:: What is expected ::
Begin the copy at the line containing "Blue Sea Shell" in the data below and end it at the line containing "from antique fabrics.", keeping each line exact and leaving out pictures.

:: Information ::
━━━━
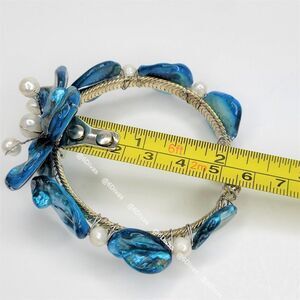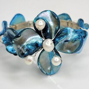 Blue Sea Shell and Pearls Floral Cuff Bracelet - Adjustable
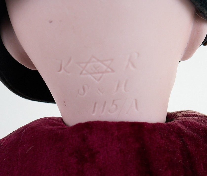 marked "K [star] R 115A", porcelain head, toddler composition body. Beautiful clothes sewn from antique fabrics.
━━━━
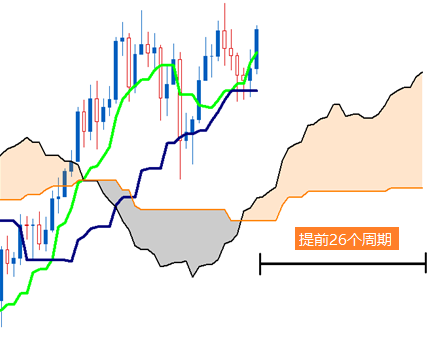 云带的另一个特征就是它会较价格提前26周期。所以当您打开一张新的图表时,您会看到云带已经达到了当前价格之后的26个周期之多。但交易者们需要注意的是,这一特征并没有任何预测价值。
━━━━
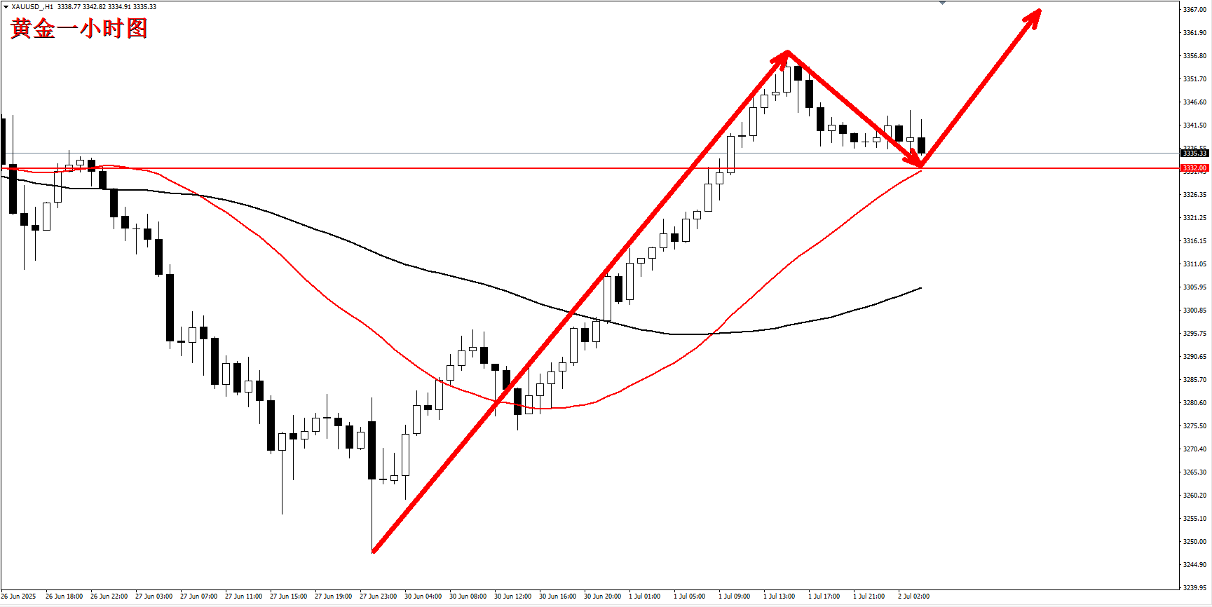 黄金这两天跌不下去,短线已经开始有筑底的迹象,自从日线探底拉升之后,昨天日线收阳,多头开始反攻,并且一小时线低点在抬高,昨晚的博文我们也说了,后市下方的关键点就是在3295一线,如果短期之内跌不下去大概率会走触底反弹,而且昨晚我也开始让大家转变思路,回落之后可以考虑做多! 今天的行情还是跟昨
━━━━
:: Answer to this task ::
 Blue Sea Shell and Pearls Floral Cuff Bracelet - Adjustable
 marked "K [star] R 115A", porcelain head, toddler composition body. Beautiful clothes sewn from antique fabrics.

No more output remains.